Furthermore, we analysed the data to identify crucial miRNAs for each Reactome root category. As shown in Figure 4B, miRNAs with higher node weights (i.e., stronger perturbation) generally ranked higher in a category, as miRNA scores and node weights showed a positive correlation, ranging from 0.19 to 0.98. Specifically, miR-503-5p, miR-503-3p, and miR-146-5p had the highest perturbation in the DE miRNAs, and they ranked top in 22 out of 26 categories. However, the interaction profile also plays a role, as for example in signal transduction, the three top-ranking miRNAs miR-101-3p, miR-16-5p, and miR-15a-5p had lower perturbation than miR-146-5p but interacted with more protein-coding genes. In addition, the three above miRNAs and miR-144-3p ranked top in immune system, most probably due to the reason that they regulate a large number of protein-coding genes associated with immune signalling pathways. To facilitate the visualization of our results, we integrated the data and the identified miRNA-gene interactions into a comprehensive, manually curated regulatory network including key pathways in DC priming and activation according to the literature (see Materials and Methods; https://vcells.net/dendritic-cell).

 Figure 3 

miRNA targeting profiles in Reactome pathway categories. (A) Overview of the 36 DE miRNAs (in columns) targeting the 26 Reactome pathway categories (in rows).
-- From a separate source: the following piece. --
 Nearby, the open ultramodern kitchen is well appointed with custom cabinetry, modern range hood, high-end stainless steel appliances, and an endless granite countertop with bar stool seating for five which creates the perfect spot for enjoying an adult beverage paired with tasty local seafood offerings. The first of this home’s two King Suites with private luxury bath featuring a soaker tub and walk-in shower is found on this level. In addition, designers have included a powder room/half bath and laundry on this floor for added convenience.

On the heat map grid, the number of protein-coding genes targeted by the respective miRNA is given, and the colour represents the category's number of significantly enriched pathways that are regulated by the miRNA. For example, if an entry shows n with a colour corresponding to m on the figure legend, it means a miRNA regulates n targets in m significantly enriched pathways of a category. The bar plot on the left indicates the per-category percentage of the protein-coding genes (black bars) that were found in our RNA-seq data, with the total number of molecules in the category given next to it. The bar plot on the right indicates the percentage of enriched pathways (black bars) per category, with the total number of pathways in the category given next to it. The figures at the bottom tabulate how many categories a miRNA regulates. The top annotation shows statistics from the differential expression analysis for the miRNAs (i.e., fold-change in log2 scale and FDR). (B) The network shows miRNA-gene interactions in the category signal transduction. The four miRNAs (miR-16, miR-15a, miR-20a, and miR-424) that have the largest number of targets were selected. The node size is proportional to the node degree. The node colour represents a gene's fold-change in log2 scale. The node shape denotes the type of a gene, including protein-coding (square) and miRNA (circle), with their names shown in blue and black labels, respectively. TFs are drawn as diamonds with their names shown in purple font. The colour of node borders represents different categories of annotated immune genes, with the gene names given as labels. The edge colour shows Pearson correlation coefficients between the expression of miRNAs and that of their targets.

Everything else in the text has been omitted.